**Problem statement**
Among the entries below, only the lines from the one with "这次活动7A燕盏50g装原价" through the one with "Wir folgen dem" are wanted, reproduced exactly. Pictures are not wanted.

(Dataset records)

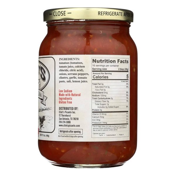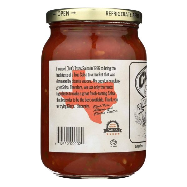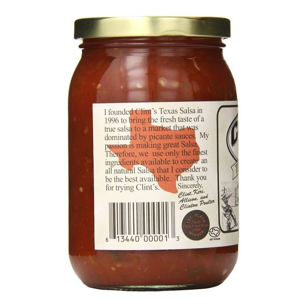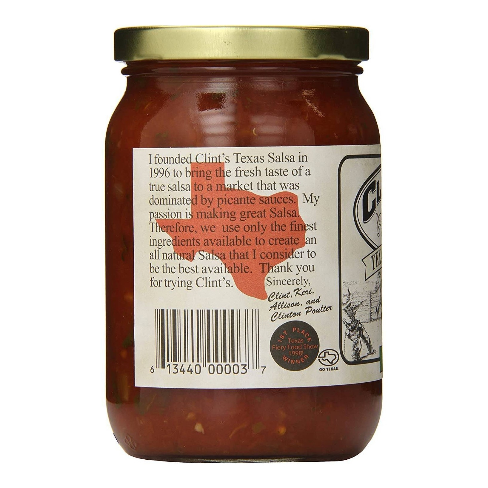 u0026bull;Clint’s Texas Salsa was founded in 1996 to bring the fresh taste of a true salsa to a marketu003cbru003eu0026bull;Gluten freeu003cbru003eu0026bull;Low sodiumu003cbru003eu0026bull;Add a basket of chips and enjoy
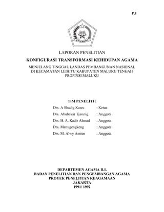 Laporan ini menyajikan hasil penelitian mengenai konfigurasi dan transformasi kehidupan agama di beberapa daerah menjelang pembangunan nasional. Penelitian dilakukan oleh tim-tim peneliti di berbagai lokasi seperti Kecamatan Leihitu Maluku Tengah, Kabupaten Probolinggo Jawa Timur, Propinsi Bali, Kecamatan Kretek Bantul DIY, Kecamatan Paiton Probolinggo, Kelurahan Lamaru Kecamatan Balikpapan Timur,
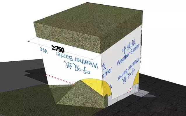 導水泛水板的目的是將屋面的水導離墻體,它是重要且極易遺漏的節點,遺漏的后果也是非常嚴重的。導水泛水板的制作并不困難,只要稍加注意,就可使建筑的墻體免受潮濕與腐爛的困擾。
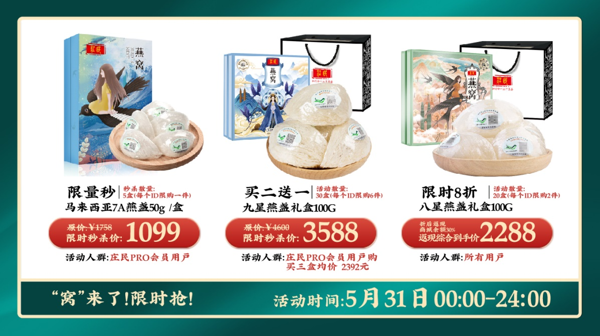 这次活动7A燕盏50g装原价1758元,这次针对pro会员用户给予宠粉福利,限量仅5盒,对于常食燕窝的燕窝粉,赶紧定好时钟,等待5月31号上午10点开奖吧!一个ID仅限1件,怕手慢无,叫上爸妈,朋友一起来,先到先得,当天错过就得等下年,还有可能不是1099!
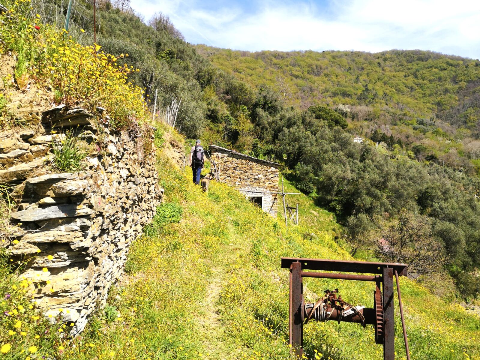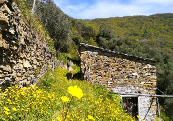 Wir folgen dem Wanderweg immer weiter bergauf, kreuzen die Via Sorlana und gelangen auf unserem Wanderweg zur Chiesa di Santa Maria Asunta. Nach einer kurzen Rast mit schönem Weitblick über die Hügel, die Dörfer und das Meer geht es weiter auf dem Wanderweg. Er bringt uns durch altes Bauernland, vorbei an Trockenmauern, alten Steinschuppen und Blumenwiesen. Dann laufen wir durch lichten Wald weiter bergauf.
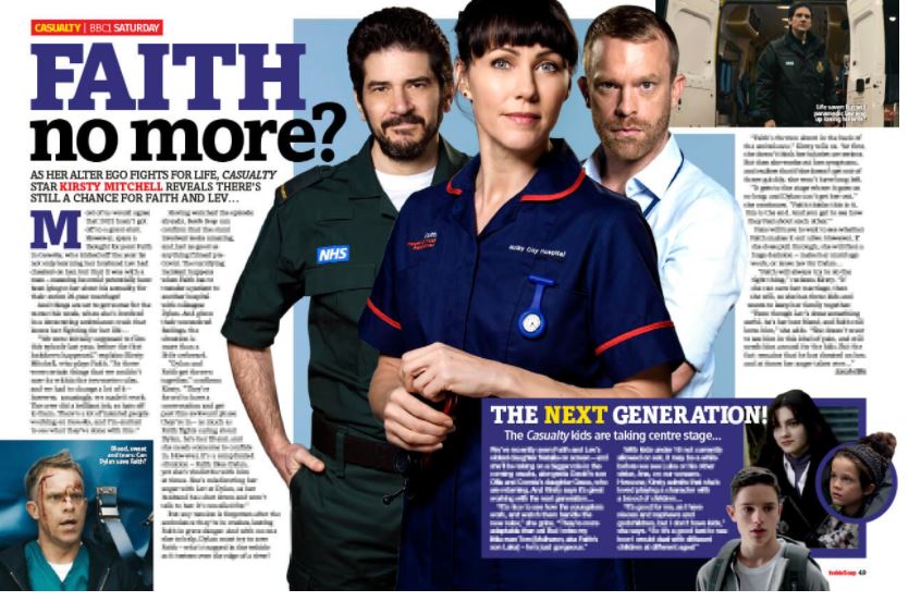I decided to base my design around this article relating to Casualty. I liked the layout; It uses limited colours, bold typefaces, catchy headlines and everything is aligned to a grid. The image in the middle brings the whole layout together, the image is the focal point and everything else sits flush around it.

(End Dataset records)

**Output of the exercise**
 这次活动7A燕盏50g装原价1758元,这次针对pro会员用户给予宠粉福利,限量仅5盒,对于常食燕窝的燕窝粉,赶紧定好时钟,等待5月31号上午10点开奖吧!一个ID仅限1件,怕手慢无,叫上爸妈,朋友一起来,先到先得,当天错过就得等下年,还有可能不是1099!
 Wir folgen dem Wanderweg immer weiter bergauf, kreuzen die Via Sorlana und gelangen auf unserem Wanderweg zur Chiesa di Santa Maria Asunta. Nach einer kurzen Rast mit schönem Weitblick über die Hügel, die Dörfer und das Meer geht es weiter auf dem Wanderweg. Er bringt uns durch altes Bauernland, vorbei an Trockenmauern, alten Steinschuppen und Blumenwiesen. Dann laufen wir durch lichten Wald weiter bergauf.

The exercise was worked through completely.